A British-built spacecraft launched on Saturday is now in “cruise mode” as it settles down for a five billion mile trip to Mercury.

Scientists will have to wait another seven years before BepiColombo delivers two orbiters to circle the planet closest to the sun.

The spacecraft was blasted free of the Earth’s gravity by an Ariane 5, the European Space Agency (ESA)’s most powerful heavy lift rocket.

Soon after the launch from the European space port at Kourou, French Guiana, cameras on the craft took a series of “selfies” showing the successful deployment of its 30-metre (98ft) wide solar panels and radio antennae.

In 2020 BepiColombo will sweep round the Earth at the start of a complex series of fly-bys designed to brake against the sun’s enormous gravitational pull.

The next stop is Venus, which the spacecraft will fly round twice collecting data on the way, followed by six fly-bys of Mercury.

BepiColombo will arrive at its destination on December 5, 2025. The two orbiters, one European and the other Japanese, will then detach from their “mothership” and start investigating the planet.

ESA’s science director Gunther Hasinger said: “There is a long and exciting road ahead of us before BepiColombo starts collecting data for the science community.

“Endeavours like the Rosetta mission and their ground-breaking discoveries even years after their completion have already shown us that complex science exploration missions are well worth the wait.”

A critical point will come when the spacecraft’s futuristic electric ion thrusters are switched on.

This will be done automatically by the on-board computer.

BepiColombo is the first mission to use the Star Trek-style “impulse drive” technology to reach another planet.
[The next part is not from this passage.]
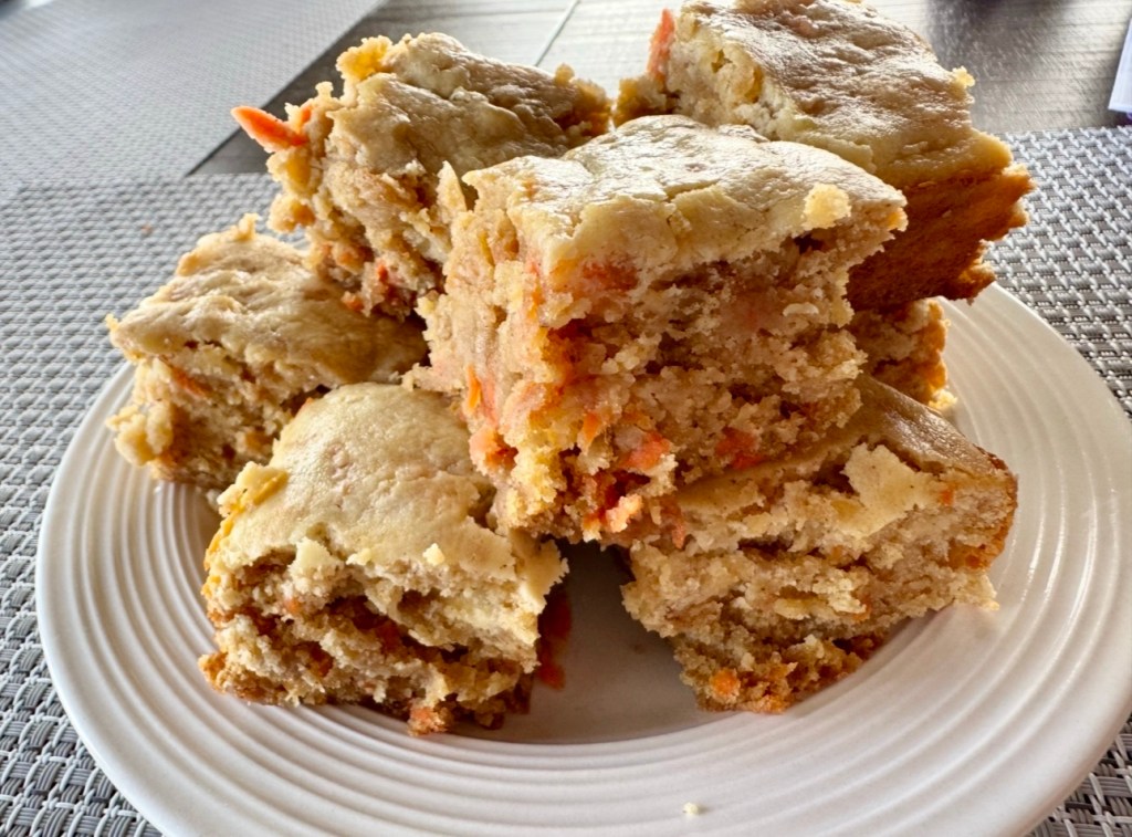 This dessert is subtlety sweet; not at all like carrot cake, in my opinion. I have a carrot cake recipe on here that is stellar & quite sweet. This recipe, while good, is much more subdued than traditional carrot cake – good for breakfast (not to imply I haven’t also had traditional carrot cake for breakfast. If you know, you know!) If you want it sweeter, just increase the sugar in the cream cheese; if so, I’d opt for powdered sugar.

It has four of the engines. Two will fire at a time, expelling electrically charged atoms of xenon gas to produce about an ounce-worth of force that can be sustained for long periods of time.

Justin Byrne, head of science at Airbus Defence and Space, which built the Mercury Transfer Module carrying the orbiters in Stevenage, said: “The engines will be switched on in a few days and that will be the crowning glory. Then we have seven years to wait for the science.”